- [What you need to do]: Skip any image you find and restate the rest of the data word for word.

- [Provided data]:

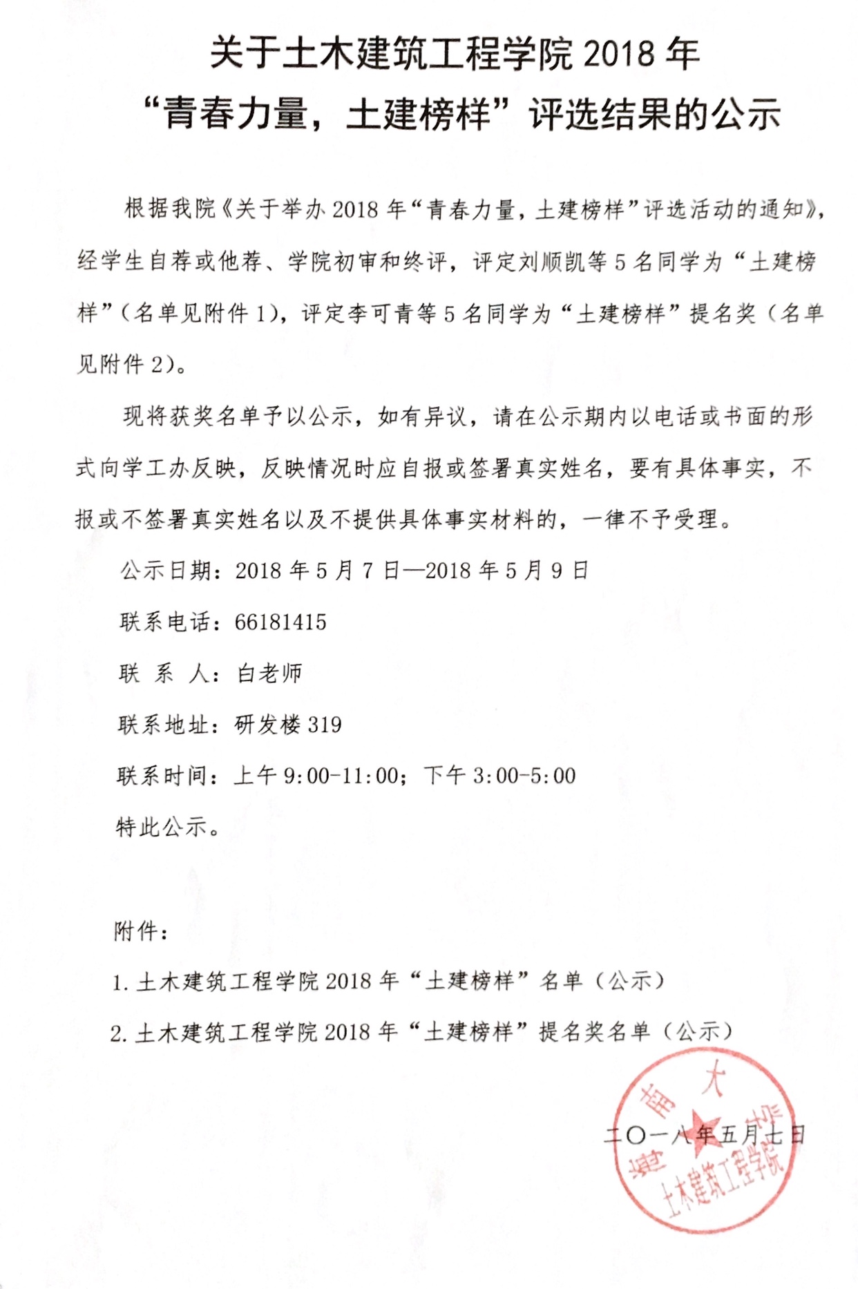 关于2018年“青春力量,土建榜样”评选结果的公示
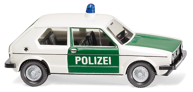 Mit dem ersten Golf endete die Ära des Polizei-Käfers Gleich bei der Premiere des VW Golf I sorgte WIKING vor über vier Jahrzehnten für einen hoheitlichen Auftritt – damals freilich in den minzgrünen Farben der Bereitschaftspolizei. Jetzt feiert die erste Golf-Generation in der typischen zweifarbigen Polizeigestaltung Premiere, denn die beweglichen Türen, Motorhaube und Heckklappe waren einst auf der weißen Karosserie minzgrün abgesetzt. So komplettieren die Traditionsmodellbauer die Serie von Polizeifahrzeugen aus nunmehr sieben Jahrzehnten Nachkriegsgeschichte. VW schrieb mit dem Wolfsburger Kompaktwagen Automobilgeschichte, denn diese Golf-Klasse überzeugte lange Jahre mit mehr Raum und im Vergleich zum Käfervorfahren mit deutlich mehr Nutzwert. Einige Bundesländer lösten den legendären Polizei-Käfer durch den Golf I ab. Karosserie weiß mit minzgrünen Türen, Motorhaube und Heckklappe bedruckt, weißer Sockel mit blautransparentem Warnlicht dachmittig eingesteckt. Schwarze Inneneinrichtung und schwarzer Kühlergrill mit gesilberten VW-Logo. Handbemalte Frontscheinwerfer sowie gesilberte Riffelradkappen. Seitliche Bedruckung mit schwarzen Zierstreifen sowie Türgriffen, Tankdeckel und Kotflügelschutz. Polizei-Schriftzug weiß bedruckt. Heckseitig silberner Volkswagen-Schriftzug sowie Türschloss und Schriftzug Golf L. Rückleuchten rot bedruck.
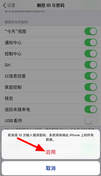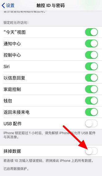 找到【抹掉数据】,点击启用这一功能,
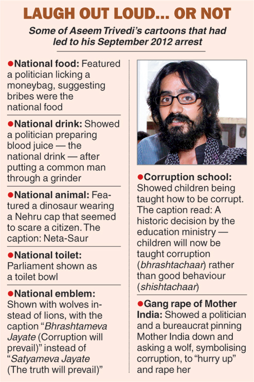 He was arrested in September 2012 on a politician's complaint, after angering Maharashtra's then Congress-NCP government by backing up Anna Hazare's anti-corruption campaign with his cartoons.
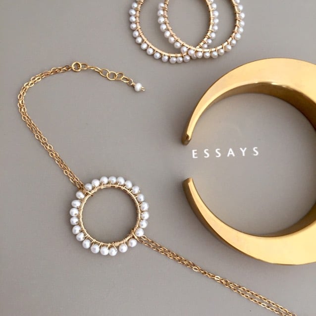 小さなパールをあしらい女性らしさをプラスしたブレスレットです
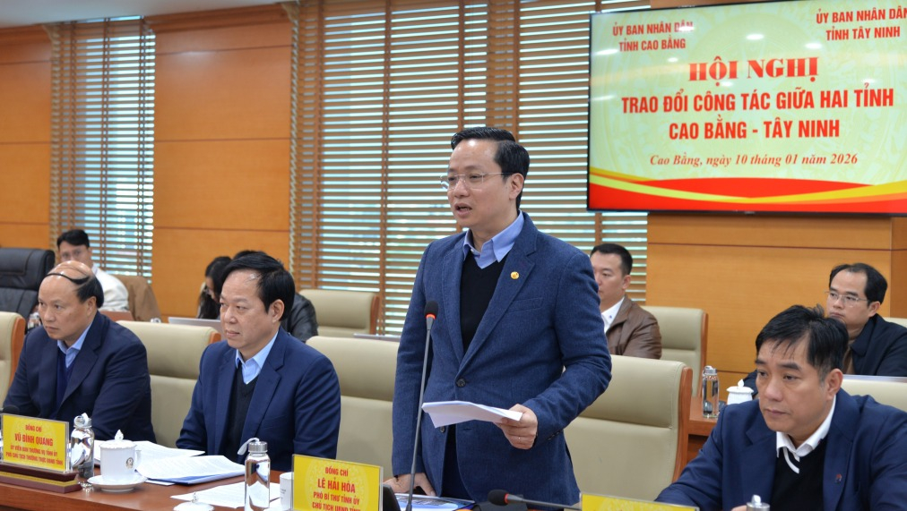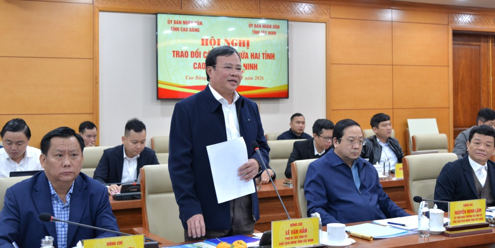 Phát biểu tại hội nghị, Phó Bí thư Tỉnh ủy, Chủ tịch UBND tỉnh Lê Hải Hòa đánh giá cao ý nghĩa của chuyến công tác, trao đổi kinh nghiệm giữa hai địa phương. Nhấn mạnh, Cao Bằng và Tây Ninh tuy cách xa về vị trí địa lý nhưng có nhiều điểm tương đồng: Cao Bằng là tỉnh biên giới miền núi, cửa ngõ phía Bắc với Trung Quốc, Tây Ninh giữ vai trò then chốt kết nối động lực phát triển của Đông Nam Bộ với Campuchia và thị trường ASEAN nhờ vị trí chiến lược, đường biên giới dài và nhiều cửa khẩu.
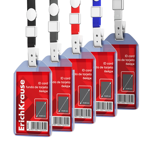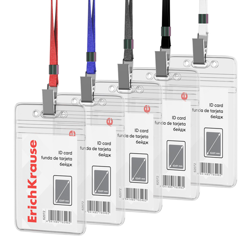 Бейдж " EK " 62*91мм вертикальный, прозрачный, ПВХ, лента 12мм ассорти, в пакете
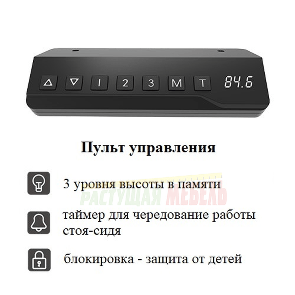 ![]() | Стрелки вверх-низ - для регулировки высоты; Цифры 1,2,3 - для запоминания положений; М - кнопка блокировки; Т - таймер. |
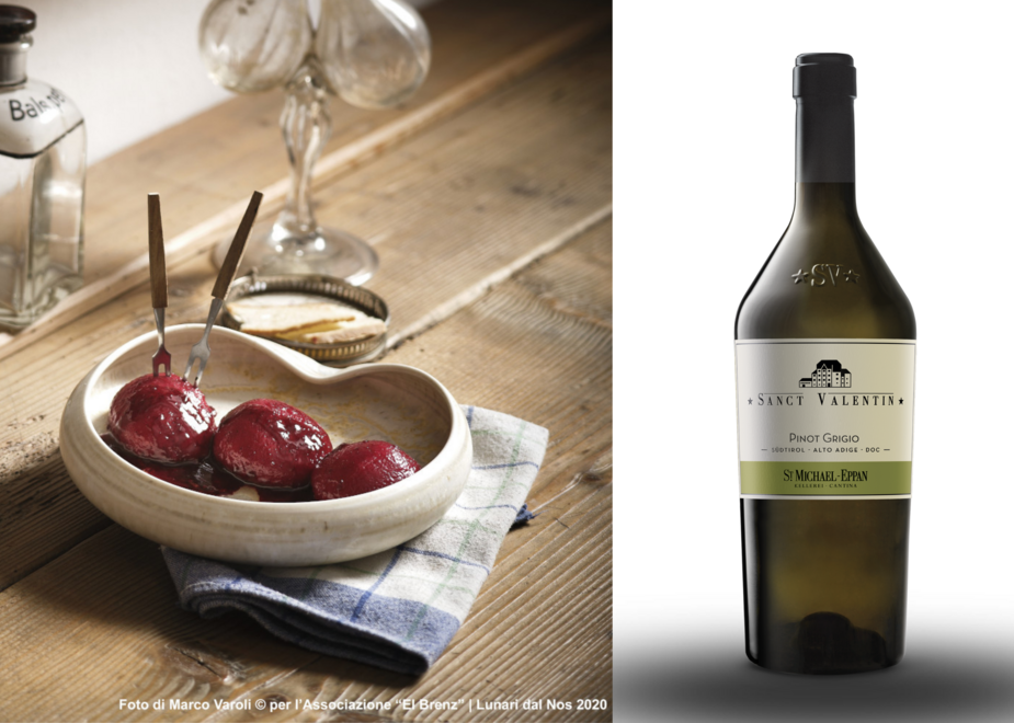 Il Pinot Grigio Sanct Valentin nasce nel 1986 quando, per la prima volta, viene vinificato in purezza ed affinato in piccole botti. L’espressivo Pinot Grigio Sanct Valentin convince per l’integrazione perfetta di acidità, forza e concentrazione. È uno dei Pinot Grigio italiani più dotati e la sua beva eccellente, anche dopo molti anni d’invecchiamento, è l’ideale per accompagnare il primo piatto proposto al ristorante “Alla Pineta”. Per preparare i Talleri, lo chef Mattia Sicher crea un impasto di patate, farina, uovo, rape rosse e un pizzico di sale, che stende a uno spessore di 1 cm e divide in due parti. Il ripieno (ottenuto frullando assieme il formaggio Casolet della Val di Sole, un cucchiaio di Trentingrana, 50 gr di ricotta affumicata e 50 gr di ricotta vaccina) è disposto sopra al primo dei due strati di pasta e ricoperto con il secondo. Tagliata la pasta nella forma desiderata e confezionati i talleri, lo chef cuoce il tutto in acqua bollente per 5 minuti e impiatta servendoli con un po’ di burro, sciolto nel brodo e fatto ritirare, e centrifugando la rapa rossa per rendere il colore più brillante.
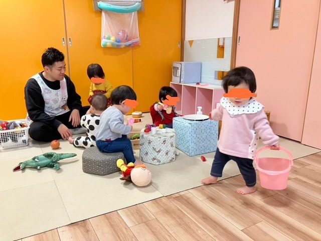 ままごとはミニペットボトルをコップに注いで飲む真似やスプーンでぬいぐるみに食べさせてあげる子もいました。
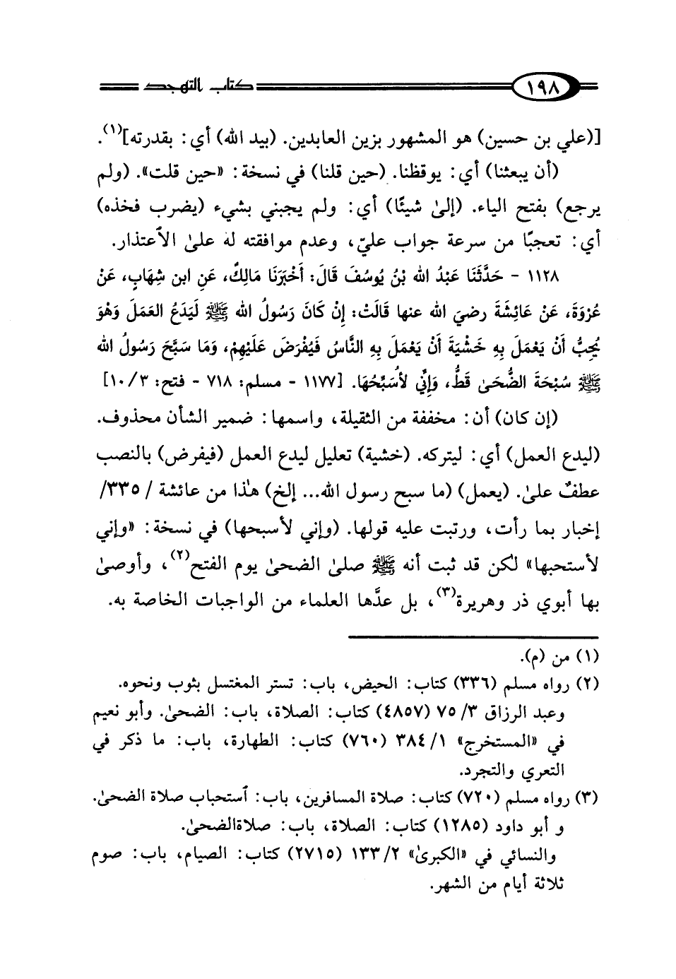1128 - حَدَّثَنَا عَبْدُ اللَّهِ بْنُ يُوسُفَ، قَال: أَخْبَرَنَا مَالِكٌ، عَنِ ابْنِ شِهَابٍ، عَنْ عُرْوَةَ، عَنْ عَائِشَةَ رَضِيَ اللَّهُ عَنْهَا، قَالتْ: "إِنْ كَانَ رَسُولُ اللَّهِ صَلَّى اللهُ عَلَيْهِ وَسَلَّمَ لَيَدَعُ العَمَلَ، وَهُوَ يُحِبُّ أَنْ يَعْمَلَ بِهِ خَشْيَةَ أَنْ يَعْمَلَ بِهِ النَّاسُ، فَيُفْرَضَ عَلَيْهِمْ، وَمَا سَبَّحَ رَسُولُ اللَّهِ صَلَّى اللهُ عَلَيْهِ وَسَلَّمَ سُبْحَةَ الضُّحَى قَطُّ وَإِنِّي لَأُسَبِّحُهَا".
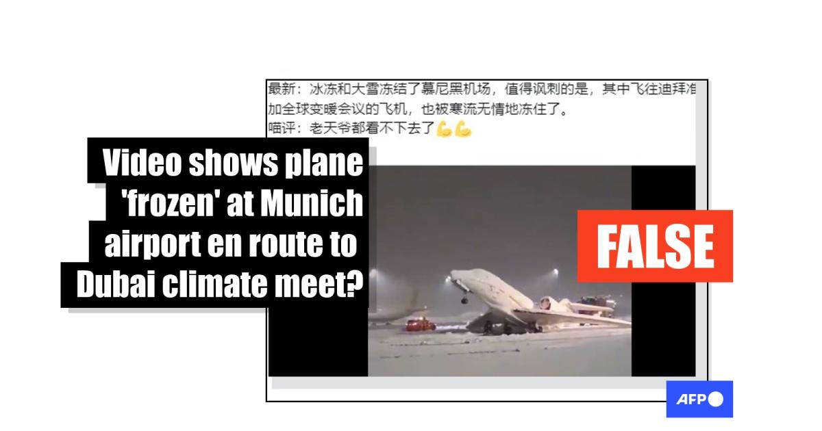 "Latest: Ice and snow has frozen the Munich airport, ironically, a plane flying to Dubai for the global warming conference has also been cruelly frozen by the cold front," reads a simplified Chinese post on X on December 3, 2023.
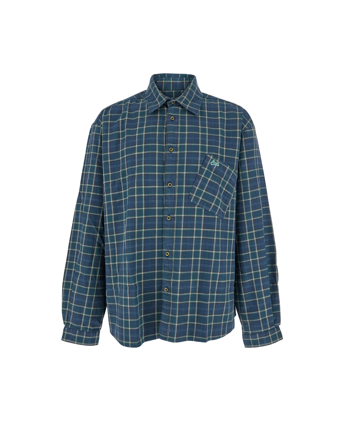 Green Shirt With Check Pattern And Logo Lettering On The Back In Flannel Man
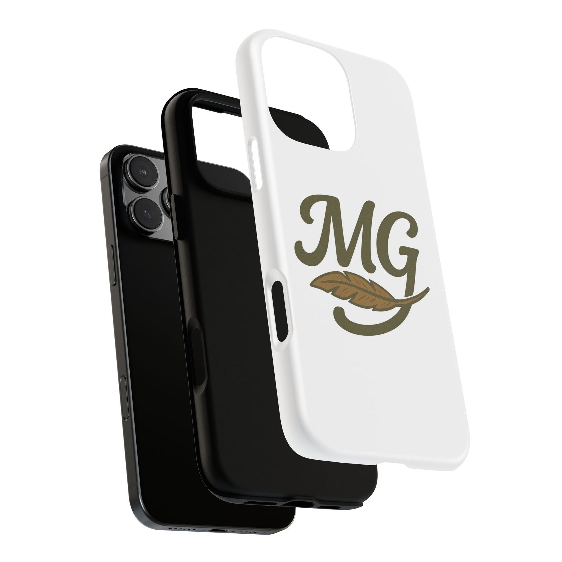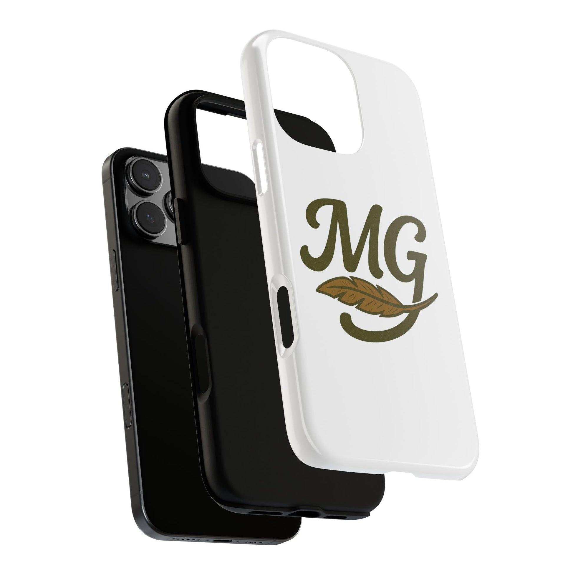 A slim, dual-layer protective phone case that blends everyday toughness with quiet, natural style. The case pairs a rigid polycarbonate shell with a soft TPU silicone liner to cushion drops and absorb shocks. A tasteful monogram ('MG') sits above a single autumn leaf motif, printed with full-wrap ink for consistent color and a clean matte or glossy finish. It resists outdoor fading thanks to UV protection and keeps ports accessible while supporting wireless charging. Lightweight and durable, it brings a subtle, outdoorsy feel to daily carry without bulk.

- [Task answer]:
 关于2018年“青春力量,土建榜样”评选结果的公示
 Mit dem ersten Golf endete die Ära des Polizei-Käfers Gleich bei der Premiere des VW Golf I sorgte WIKING vor über vier Jahrzehnten für einen hoheitlichen Auftritt – damals freilich in den minzgrünen Farben der Bereitschaftspolizei. Jetzt feiert die erste Golf-Generation in der typischen zweifarbigen Polizeigestaltung Premiere, denn die beweglichen Türen, Motorhaube und Heckklappe waren einst auf der weißen Karosserie minzgrün abgesetzt. So komplettieren die Traditionsmodellbauer die Serie von Polizeifahrzeugen aus nunmehr sieben Jahrzehnten Nachkriegsgeschichte. VW schrieb mit dem Wolfsburger Kompaktwagen Automobilgeschichte, denn diese Golf-Klasse überzeugte lange Jahre mit mehr Raum und im Vergleich zum Käfervorfahren mit deutlich mehr Nutzwert. Einige Bundesländer lösten den legendären Polizei-Käfer durch den Golf I ab. Karosserie weiß mit minzgrünen Türen, Motorhaube und Heckklappe bedruckt, weißer Sockel mit blautransparentem Warnlicht dachmittig eingesteckt. Schwarze Inneneinrichtung und schwarzer Kühlergrill mit gesilberten VW-Logo. Handbemalte Frontscheinwerfer sowie gesilberte Riffelradkappen. Seitliche Bedruckung mit schwarzen Zierstreifen sowie Türgriffen, Tankdeckel und Kotflügelschutz. Polizei-Schriftzug weiß bedruckt. Heckseitig silberner Volkswagen-Schriftzug sowie Türschloss und Schriftzug Golf L. Rückleuchten rot bedruck.
 找到【抹掉数据】,点击启用这一功能,
 He was arrested in September 2012 on a politician's complaint, after angering Maharashtra's then Congress-NCP government by backing up Anna Hazare's anti-corruption campaign with his cartoons.
 小さなパールをあしらい女性らしさをプラスしたブレスレットです
 Phát biểu tại hội nghị, Phó Bí thư Tỉnh ủy, Chủ tịch UBND tỉnh Lê Hải Hòa đánh giá cao ý nghĩa của chuyến công tác, trao đổi kinh nghiệm giữa hai địa phương. Nhấn mạnh, Cao Bằng và Tây Ninh tuy cách xa về vị trí địa lý nhưng có nhiều điểm tương đồng: Cao Bằng là tỉnh biên giới miền núi, cửa ngõ phía Bắc với Trung Quốc, Tây Ninh giữ vai trò then chốt kết nối động lực phát triển của Đông Nam Bộ với Campuchia và thị trường ASEAN nhờ vị trí chiến lược, đường biên giới dài và nhiều cửa khẩu.
 Бейдж " EK " 62*91мм вертикальный, прозрачный, ПВХ, лента 12мм ассорти, в пакете
 ![]() | Стрелки вверх-низ - для регулировки высоты; Цифры 1,2,3 - для запоминания положений; М - кнопка блокировки; Т - таймер. |
 Il Pinot Grigio Sanct Valentin nasce nel 1986 quando, per la prima volta, viene vinificato in purezza ed affinato in piccole botti. L’espressivo Pinot Grigio Sanct Valentin convince per l’integrazione perfetta di acidità, forza e concentrazione. È uno dei Pinot Grigio italiani più dotati e la sua beva eccellente, anche dopo molti anni d’invecchiamento, è l’ideale per accompagnare il primo piatto proposto al ristorante “Alla Pineta”. Per preparare i Talleri, lo chef Mattia Sicher crea un impasto di patate, farina, uovo, rape rosse e un pizzico di sale, che stende a uno spessore di 1 cm e divide in due parti. Il ripieno (ottenuto frullando assieme il formaggio Casolet della Val di Sole, un cucchiaio di Trentingrana, 50 gr di ricotta affumicata e 50 gr di ricotta vaccina) è disposto sopra al primo dei due strati di pasta e ricoperto con il secondo. Tagliata la pasta nella forma desiderata e confezionati i talleri, lo chef cuoce il tutto in acqua bollente per 5 minuti e impiatta servendoli con un po’ di burro, sciolto nel brodo e fatto ritirare, e centrifugando la rapa rossa per rendere il colore più brillante.
 ままごとはミニペットボトルをコップに注いで飲む真似やスプーンでぬいぐるみに食べさせてあげる子もいました。
1128 - حَدَّثَنَا عَبْدُ اللَّهِ بْنُ يُوسُفَ، قَال: أَخْبَرَنَا مَالِكٌ، عَنِ ابْنِ شِهَابٍ، عَنْ عُرْوَةَ، عَنْ عَائِشَةَ رَضِيَ اللَّهُ عَنْهَا، قَالتْ: "إِنْ كَانَ رَسُولُ اللَّهِ صَلَّى اللهُ عَلَيْهِ وَسَلَّمَ لَيَدَعُ العَمَلَ، وَهُوَ يُحِبُّ أَنْ يَعْمَلَ بِهِ خَشْيَةَ أَنْ يَعْمَلَ بِهِ النَّاسُ، فَيُفْرَضَ عَلَيْهِمْ، وَمَا سَبَّحَ رَسُولُ اللَّهِ صَلَّى اللهُ عَلَيْهِ وَسَلَّمَ سُبْحَةَ الضُّحَى قَطُّ وَإِنِّي لَأُسَبِّحُهَا".
 "Latest: Ice and snow has frozen the Munich airport, ironically, a plane flying to Dubai for the global warming conference has also been cruelly frozen by the cold front," reads a simplified Chinese post on X on December 3, 2023.
 Green Shirt With Check Pattern And Logo Lettering On The Back In Flannel Man
 A slim, dual-layer protective phone case that blends everyday toughness with quiet, natural style. The case pairs a rigid polycarbonate shell with a soft TPU silicone liner to cushion drops and absorb shocks. A tasteful monogram ('MG') sits above a single autumn leaf motif, printed with full-wrap ink for consistent color and a clean matte or glossy finish. It resists outdoor fading thanks to UV protection and keeps ports accessible while supporting wireless charging. Lightweight and durable, it brings a subtle, outdoorsy feel to daily carry without bulk.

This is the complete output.